The condition for jumping back in utf8_escape_non_printable_full() was
off-by-one. But we only jumped to that label after doing a check with a
stronger condition, so I think it didn't matter. Now it matters because we'd
output the forced ellipsis one column too early.

src/basic/escape.c
src/basic/escape.h
src/basic/utf8.c
src/basic/utf8.h
src/test/test-escape.c
src/test/test-utf8.c

index f579f15d87e20aa0d3d40558612ace3c4a285926..2a3a0e31a1ec24291a85bfd8ada22b28fa51af89 100644 (file)
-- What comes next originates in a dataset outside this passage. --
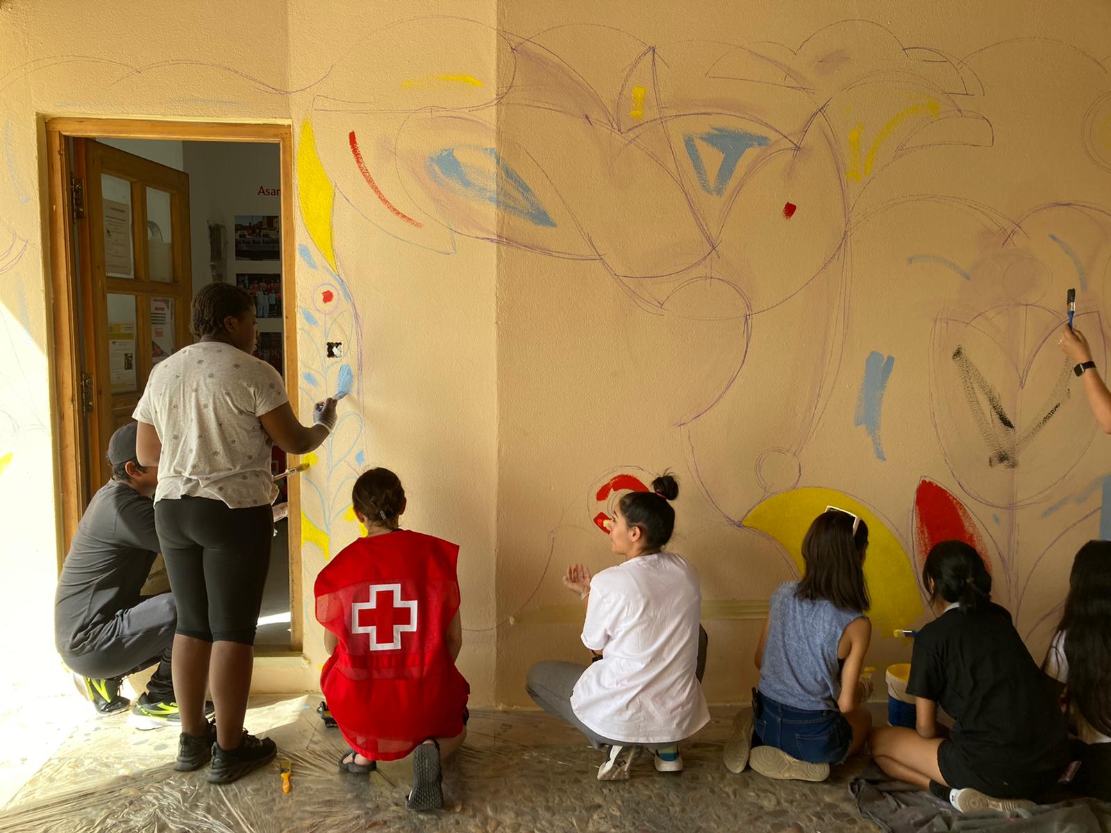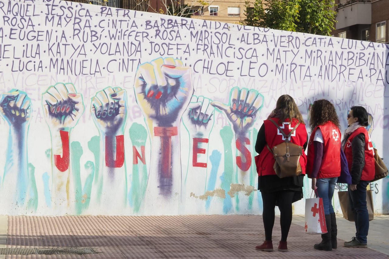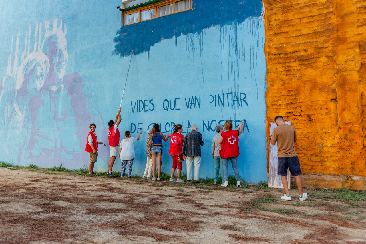 En la localidad castellonense de Burriana, tienen dos murales que han sido pintados por personas usuarias de diferentes programas. Uno con motivo del 8M elaborado por jóvenes del Programa Operativo de Empleo Juvenil (POEJ) que tiene además un significado muy especial, ya que una de las mujeres representadas es una compañera de Cruz Roja que falleció solo unas semanas antes de pintar el mural. En la misma ciudad, otro mural representa la diversidad y fue pintado por personas mayores, adolescentes y niños y niñas participantes de algunas de las iniciativas que la Organización lleva a cabo allí.
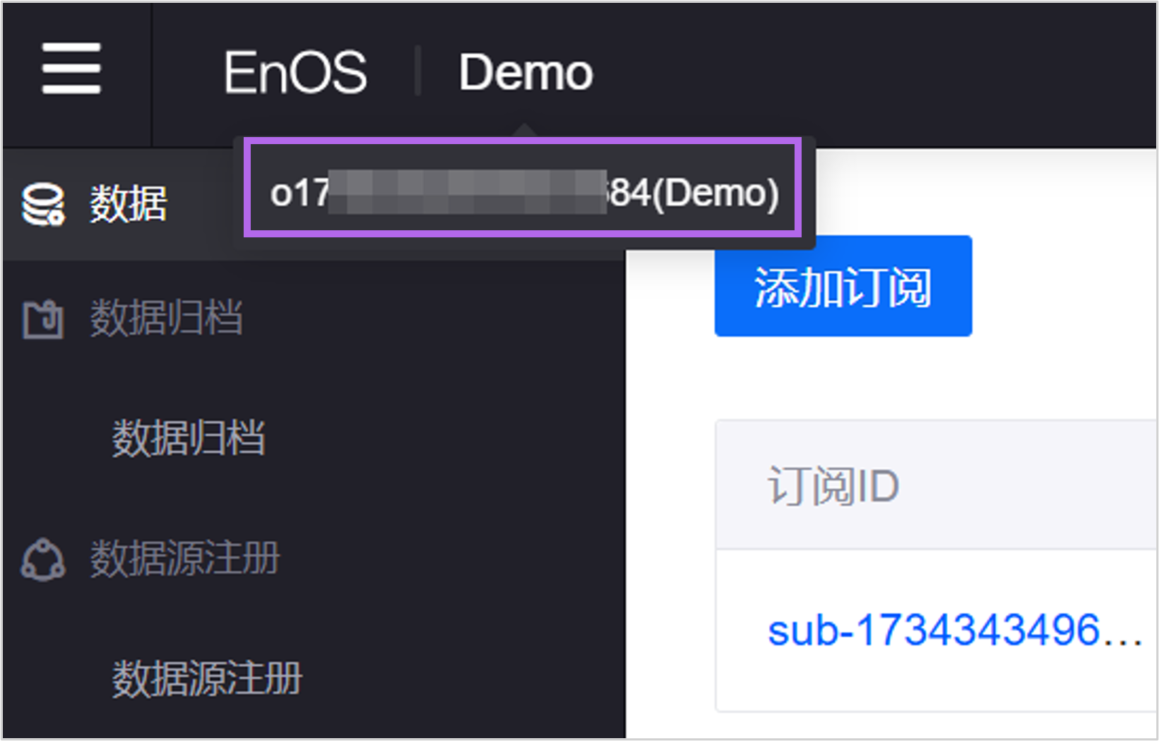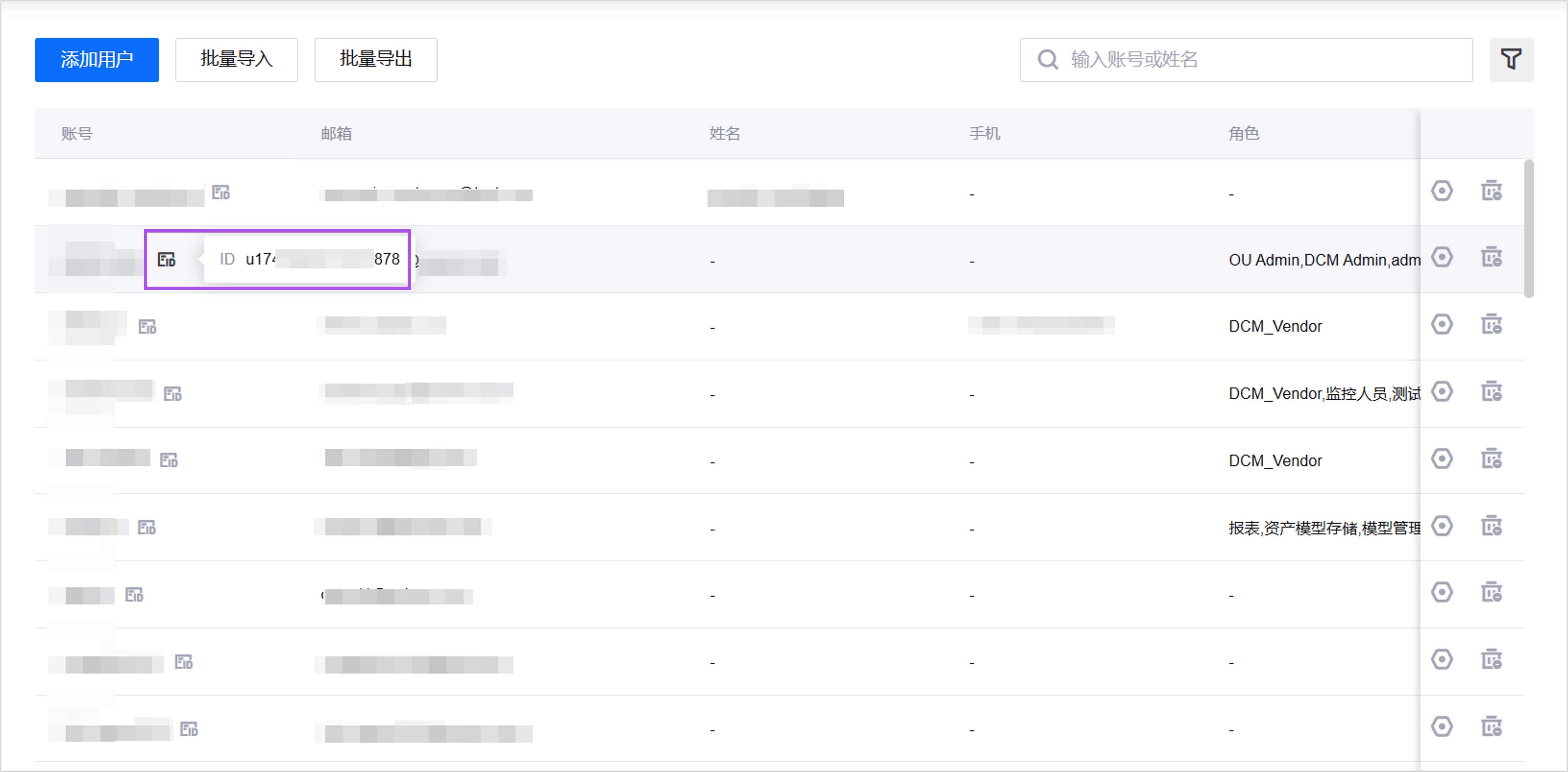 在 EnOS 应用门户 > 管理员控制台 左侧导航栏进入 用户 菜单,在用户列表中将鼠标悬浮在账号名称旁,查看用户 ID。

@@ -368,7 +368,8 @@ char* xescape_full(const char *s, const char *bad, size_t console_width, XEscape
          * reversed with cunescape(). If XESCAPE_8_BIT is specified, characters >= 127 are let through
          * unchanged. This corresponds to non-ASCII printable characters in pre-unicode encodings.
          *
-         * If console_width is reached, output is truncated and "..." is appended. */
+         * If console_width is reached, or XESCAPE_FORCE_ELLIPSIS is set, output is truncated and "..." is
+         * appended. */
 
         if (console_width == 0)
                 return strdup("");
@@ -380,10 +381,15 @@ char* xescape_full(const char *s, const char *bad, size_t console_width, XEscape
         memset(ans, '_', MIN(strlen(s), console_width) * 4);
         ans[MIN(strlen(s), console_width) * 4] = 0;
 
+        bool force_ellipsis = FLAGS_SET(flags, XESCAPE_FORCE_ELLIPSIS);
+
         for (f = s, t = prev = prev2 = ans; ; f++) {
                 char *tmp_t = t;
 
                 if (!*f) {
+                        if (force_ellipsis)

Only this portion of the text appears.